SRT Format Limitations

  • No Text Formatting Support: Cannot directly set color, font, etc.; requires player or other tools for style adjustments.

VTT Subtitle Format

WebVTT (Web Video Text Tracks) is a subtitle format for HTML5 video elements, designed specifically for web videos. It is more powerful than SRT, supporting styles, notes, multiple languages, positioning information, and other attributes. The file extension is .vtt. However, it cannot be directly embedded into videos and must be referenced in HTML's <video> element.

VTT Format Structure

VTT files are similar to SRT but with more features. A VTT file starts with WEBVTT followed by a blank line and uses a . (dot) instead of , to separate seconds and milliseconds.

VTT Example

plaintext
WEBVTT

1
00:00:01.000 --> 00:00:04.000
Hello, <b>friends!</b>

2
00:00:05.000 --> 00:00:08.000
The rain today is <i>very, very heavy</i>.

Detailed Explanation

  • WEBVTT Declaration: All VTT files must start with WEBVTT to declare the file format.

    • Example: WEBVTT
  • Subtitle Number: Subtitle numbers are optional, unlike in SRT where they are required. They help distinguish the order of subtitle segments but can be omitted in VTT.

  • Timestamp: Format is HH:MM:SS.mmm, where HH is hours, MM is minutes, SS is seconds, and mmm is milliseconds. Use . (dot) to separate seconds and milliseconds, not ,. The timestamp consists of two times separated by --> with a space on each side.
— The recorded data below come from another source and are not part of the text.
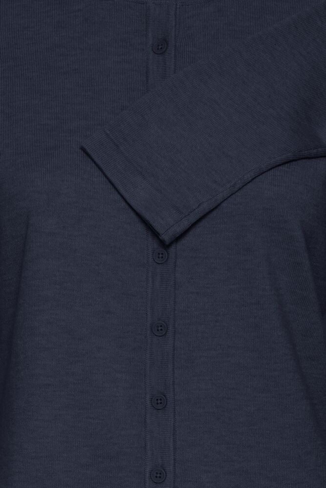 Cardigan mit Knopfleiste, geradem Schnitt und Rundhals. Klare Linien, lange Ärmel und eine feine Oberflächenstruktur prägen den Look.
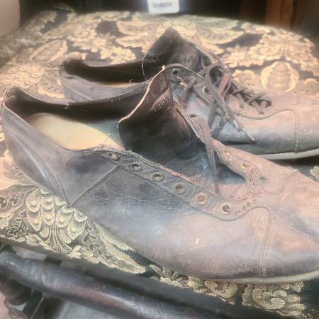 Vintage Baseball Cleats Shoes Pitchers Leather Black Size? These things are cool. I really don't have much info on them. Ive owned them for years. I haven't even dusted them off. Yup. Original dust....
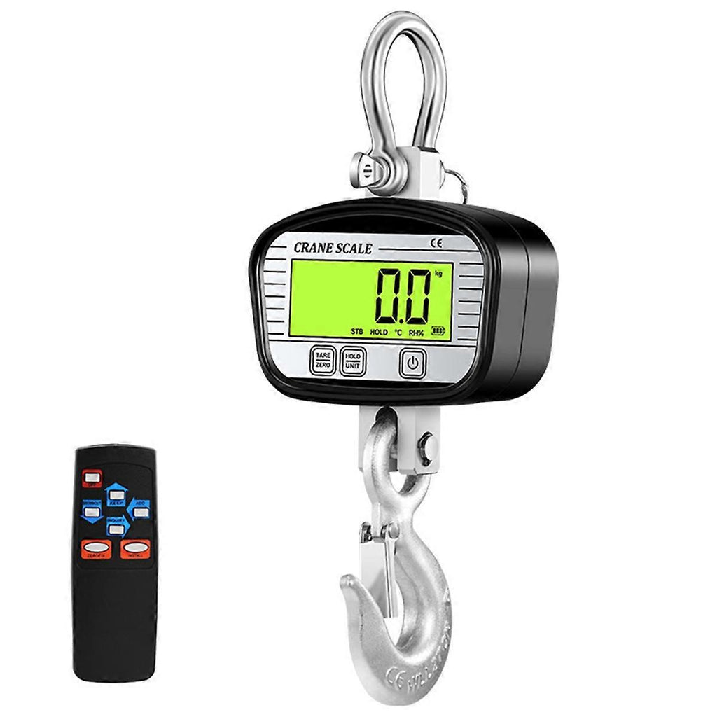 1000kg Digital Crane Scales 0.1kg LCD Industrial Grade Heavy Duty Hook Scale Them Hygrometer Hold Weighing Meter Black
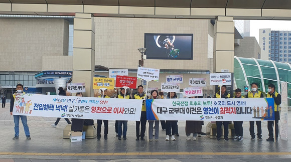 영천시민들의 군부대 이전 목소리가 대구에서도 울려 퍼졌다. 영천시청 세정과(과장 이의웅)는 2월 15일 동대구역에서 대구군부대 영천 유치 및 영천 인구늘리기 캠페인을 실시했다. 이번 캠페인은 관외 거주자의 체납세 징수를 위해 구성한 체납세 징수 기동반과 함께 체납세도 징수하고 영천시의 염원인 대구군부대 성공적인 영천 유치 운동 및 인구 늘리기 홍보 캠페인도 병행해 추진했다.
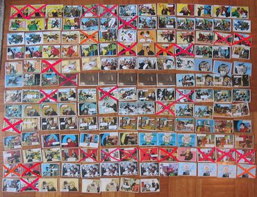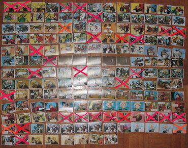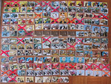 Sličice Alan Ford koje su stajale u fioci preko 35 godina. U to vreme je kupljen album za popunjavanje, kupljeno je dosta kesica ali album nikad nije popunjen (album nije na prodaju). Ove sličice su bile duplikati za moj album. Sličice su `žive` tj. nelepljene, u odličnom stanju. Garantujem da su u pitanju original sličice. Za bilo koju sličicu mozete da zatrazite detaljni snimak izbliza. U pitanju su brojevi:
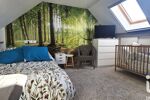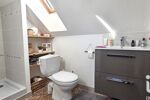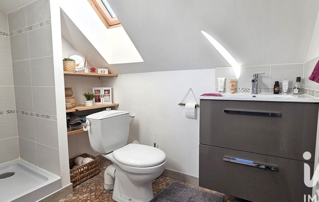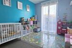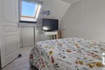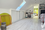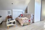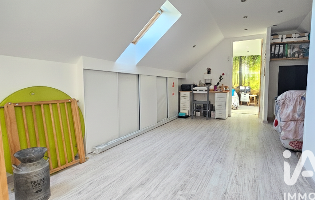 À l’étage, une grande mezzanine avec rangements accueille aujourd’hui un espace détente, salon ou salle de jeux. Elle dessert deux chambres supplémentaires, chacune équipée de placards, ainsi qu’une seconde salle d’eau avec WC.
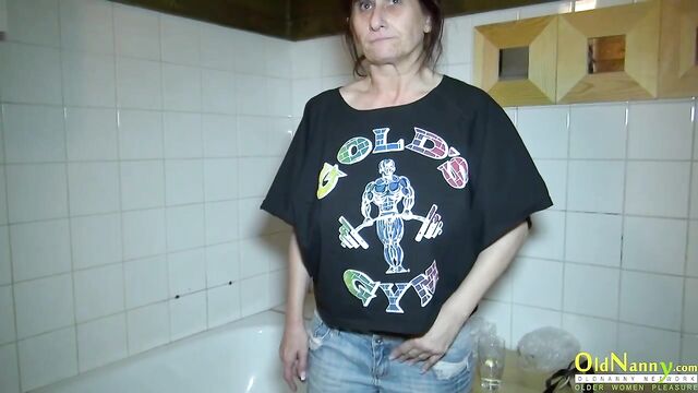 Lusty naked granny Vlasta plays with her hungry shaved pussy
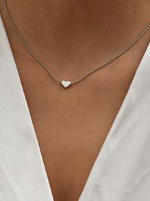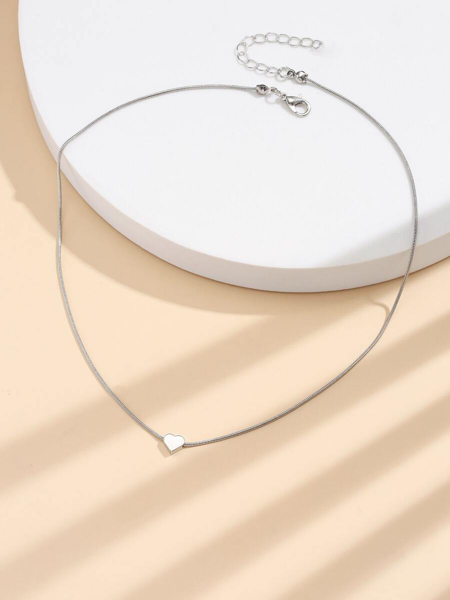 1pc Simple Heart Pendant Clavicle Chain Necklace For Women, Date/daily Wear Accessory, Copper Jewelry
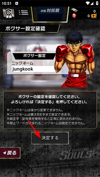 3、在拳擊手設(shè)定確認(rèn)界面,檢查昵稱等信息無(wú)誤后,點(diǎn)擊確定,完成拳擊手的創(chuàng)建,正式進(jìn)入游戲世界。
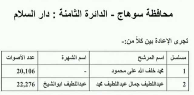 أعلن رئيس الهيئة الإعادة بين مرشحين اثنين بالدائرة الثامنة دار السلام بسوهاج وهما : محمد خلف الله – عبداللطيف جمال.
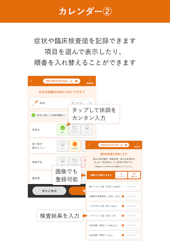 Unterstützung des Selbstmanagements durch Aufzeichnung Ihrer täglichen Symptome und klinischen Laborwerte usw
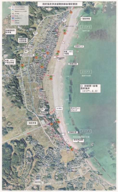 この上空写真は’06年津波避難訓練のために国府の自治会の方から入手した写真ですが
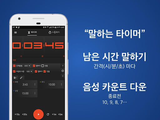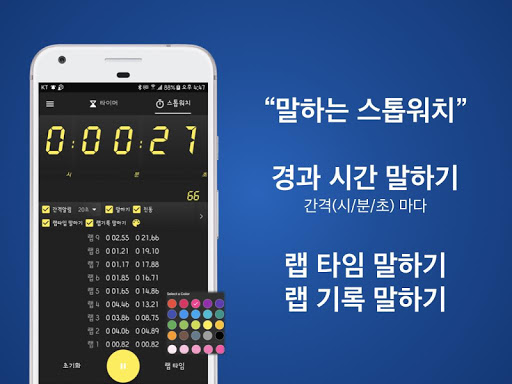 남은 시간(Timer) / 지난시간(Stopwatch)을 말(음성)로 알려주므로 화면을 보지 않고도 시간의 흐름을 알 수 있습니다.
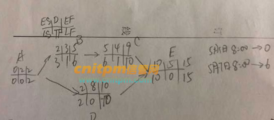 正向推导、反向推导得出B的ES为2,EF为5,LF为6,C的ES为5,EF为9,LS为6,LF为10.所以B的自由时差=C的ES-B的EF=5-5=0,B的总时差=B的LS-B的ES=3-2=1。因为B的LF为6,说明最晚可以在5月6日下班的时候完成活动B的工作内容,换句话说,也就是5月7日早上8点以前必须完成活动B的工作内容。
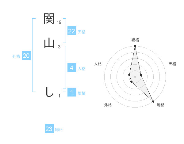 関山 しさんの外格は20画の1点!
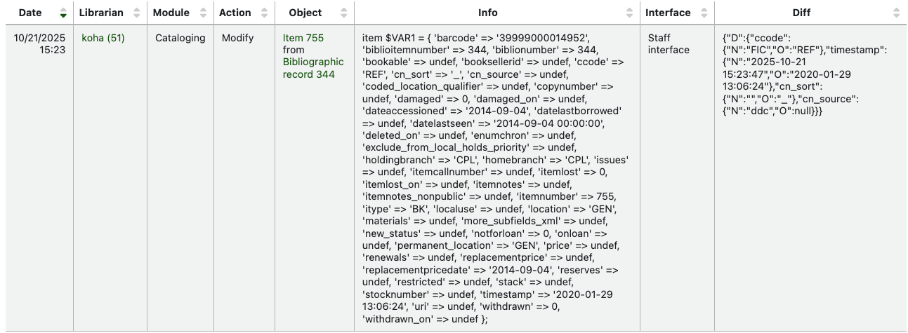 (In reply to Caroline Cyr La Rose from comment #13) > Does anyone have a list of "something that records a diff value"? I'm trying > to document this and I tried editing an item and editing a patron and even > if I unhide the diff column, I only see the regular JSON entry. I tried both > in ktd and a "vintage" install of 25.05.02. Bug 35645 discusses further cleaning up the JSON so it is easier to read. Now that the JSON is viewable we need it to be readable for those of us who are coding-deficient. :)
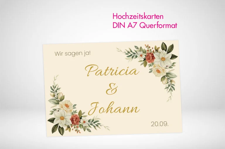 - Hochzeitskarten A7 frei gestalten oder eigene Dateien hochladen und drucken lassen
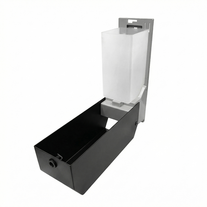 Zásobník na tekuté mýdlo nebo dezinfekční gel 1250 ml na stěnu černý matný je skvělým doplňkem do koupelny. Na toaletách frekventovaných místech jsou v současnosti populární zásobníky tekutých mýdel, které jsou jednoduché, až strohé, nejlépe neviditelné, ale s perfektními technickými parametry. Objem zásobníku je 1250 ml. Vnitřní část zásobníku je plastová a plnění je jednoduché. V případě plnění zásobníku dezinfekcí použijte GEL. Dávkovač není určen pro kapalnou dezinfekci.
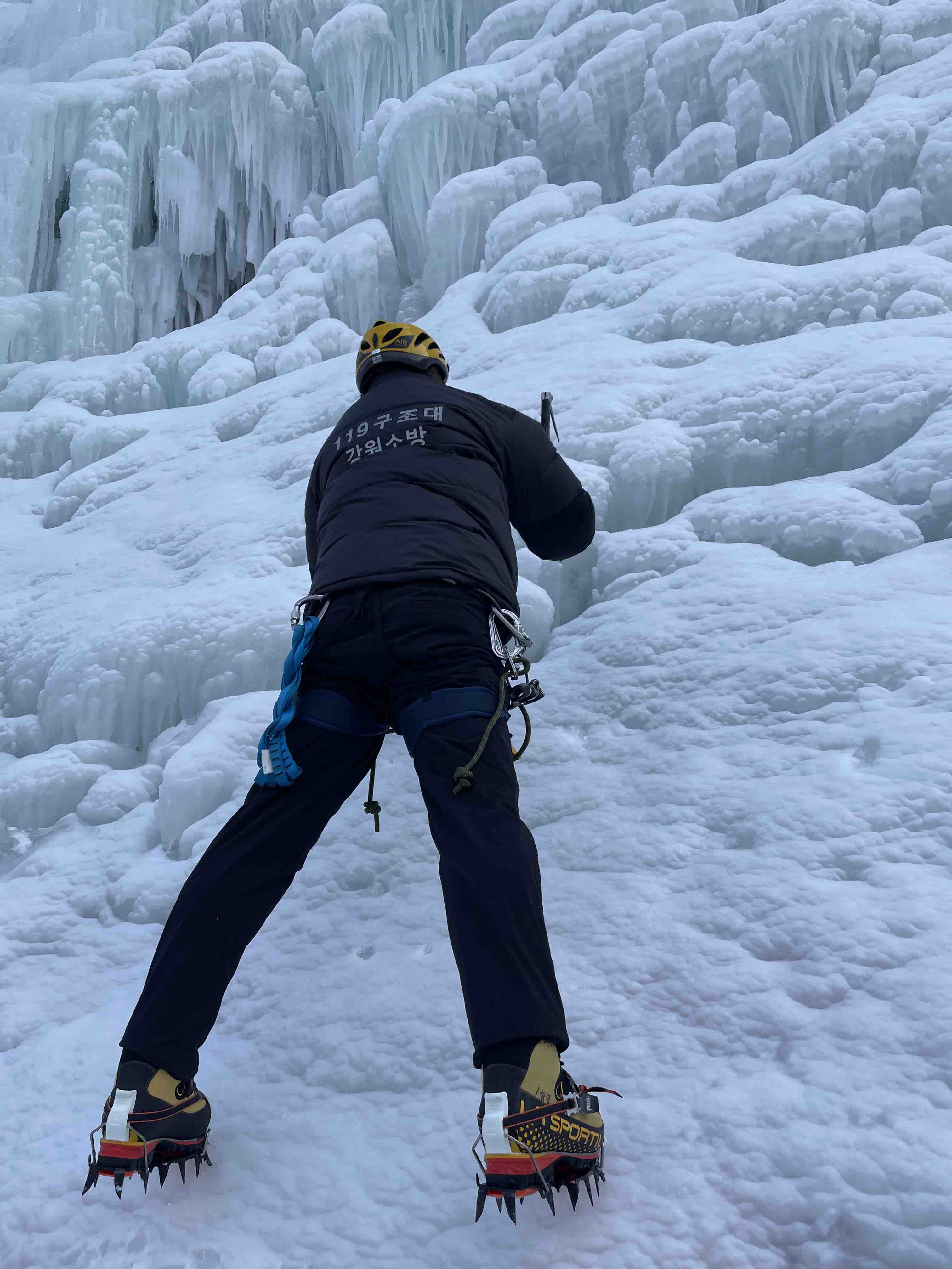 강원119특수대응단, 빙벽 위 추락사고 대비 고난도 구조 훈련 전개
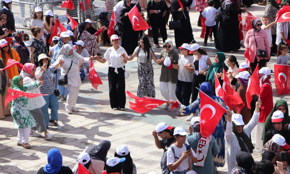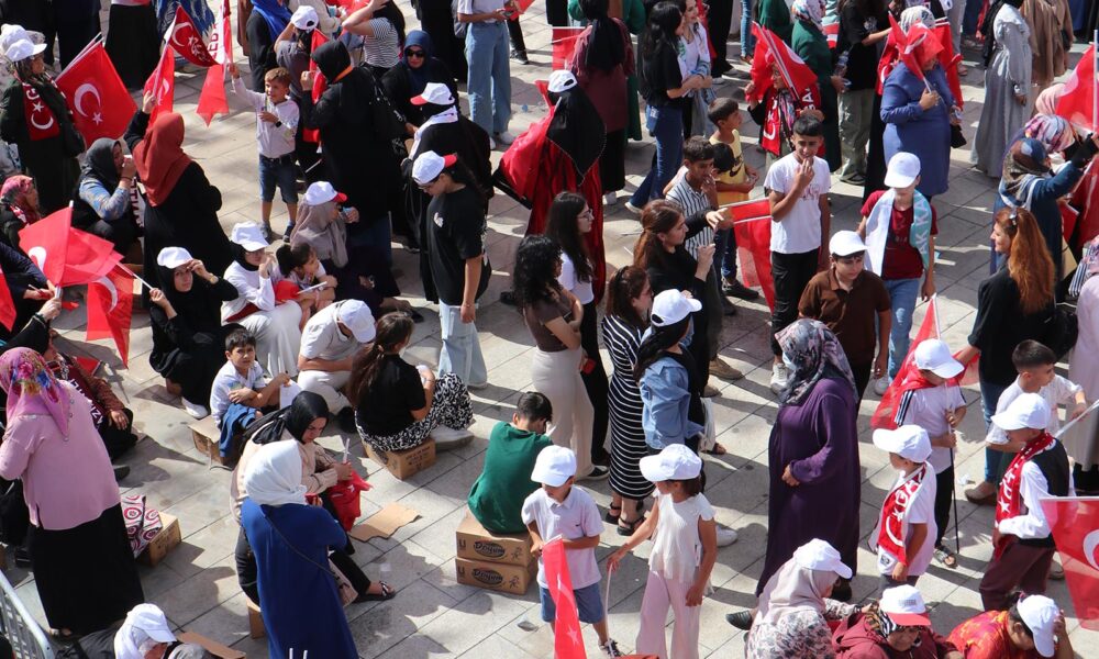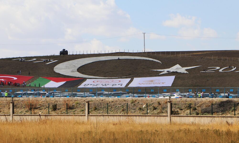 Öte yandan tören alanına bakan, ay yıldız figürün bulunduğu ve yanında 1071-2071 yazısının olduğu alana dev Türk bayrağı ile İsrafil’in işgali altında bulunan Filistin bayrağı açıldı.

    • Example: 00:00:01.000 --> 00:00:04.000
  • Subtitle Content: Subtitle text can include HTML tags for text formatting, such as bold (<b>), italic (<i>), underline (<u>), etc.

    • Example:
      plaintext
      Hello, <b>friends!</b>

Additional Features Supported by VTT

  1. Styles (CSS):

    • VTT supports text style adjustments via CSS, such as color, font size, position, etc. Styles can be defined in HTML using <style> tags or external CSS files.
    • Example:
      plaintext
      <c.red>Hello, friends!</c>
      Define .red { color: red; } in HTML, and Hello, friends! will appear in red.
  2. Positioning Information:

    • VTT supports setting specific subtitle positions using properties like position, line, etc.
    • Example:
      plaintext
      00:00:01.000 --> 00:00:04.000 position:90% line:10%
  3. Notes:

    • VTT supports adding notes in the file, starting with NOTE.
    • Example:
      plaintext
      NOTE This is a note and will not be displayed.
  4. Multi-language Support:

    • VTT can support multiple language subtitles via metadata or HTML5's <track> tag.

Advantages of VTT Format

  • Text Formatting: Supports HTML tags for simple text formatting like bold, italic, etc.
  • Styles and Positioning: CSS can be used to set subtitle styles and positions.
  • Notes and Metadata: Supports adding notes without affecting subtitle display.
  • Web Compatibility: Designed for HTML5 video, suitable for web environments.

SRT vs. VTT Comparison

FeatureSRTVTT
File HeaderNoneWEBVTT followed by a blank line
Timestamp FormatHH:MM:SS,mmm, comma separates seconds and millisecondsHH:MM:SS.mmm, dot separates seconds and milliseconds
Text Formatting SupportNot supportedSupports HTML tags like <b>, <i>
Subtitle NumberRequiredOptional
Style and Position SupportDepends on player or external style filesBuilt-in CSS style support, supports positioning info
NotesNot supportedSupports NOTE notes
Advanced FeaturesBasic subtitle functions onlySupports karaoke, notes, styles, etc.
Use CasesLocal video files, simple subtitle displayHTML5 video, web subtitles, complex subtitle display
Embeddable in VideoCan be embedded in video filesCannot be embedded in video, only used in web <video> elements

VTT (WebVTT) subtitle format cannot be directly embedded into MP4 files, but VTT files can be associated with MP4 videos using HTML5's <track> tag. When the MP4 is opened in a browser, these associated subtitles can be displayed normally.

Using VTT Subtitles to Play MP4 in Browser

In HTML5, you can load an MP4 video using the <video> element and associate VTT subtitles with it using the <track> element.

HTML Example:

html
<!DOCTYPE html>
<html lang="en">
<head>
    <meta charset="UTF-8">
    <meta name="viewport" content="width=device-width, initial-scale=1.0">
    <title></title>
</head>
<body>
    <video controls width="600">
        <source src="video.mp4" type="video/mp4">
        <track src="subtitles.vtt" kind="subtitles" srclang="zh" label="Simplified Chinese">
        Your browser does not support the video tag.
    </video>
</body>
</html>

HTML Element Explanation

  • <video>: Used to embed video files. The controls attribute allows users to control video playback (play/pause, etc.).
  • <source>: Defines the video file path and type, here using MP4.
  • <track>: Defines the subtitle file, src attribute points to the VTT file path, kind="subtitles" indicates it's a subtitle, srclang specifies the subtitle language (zh for Chinese), label gives the subtitle track a descriptive label.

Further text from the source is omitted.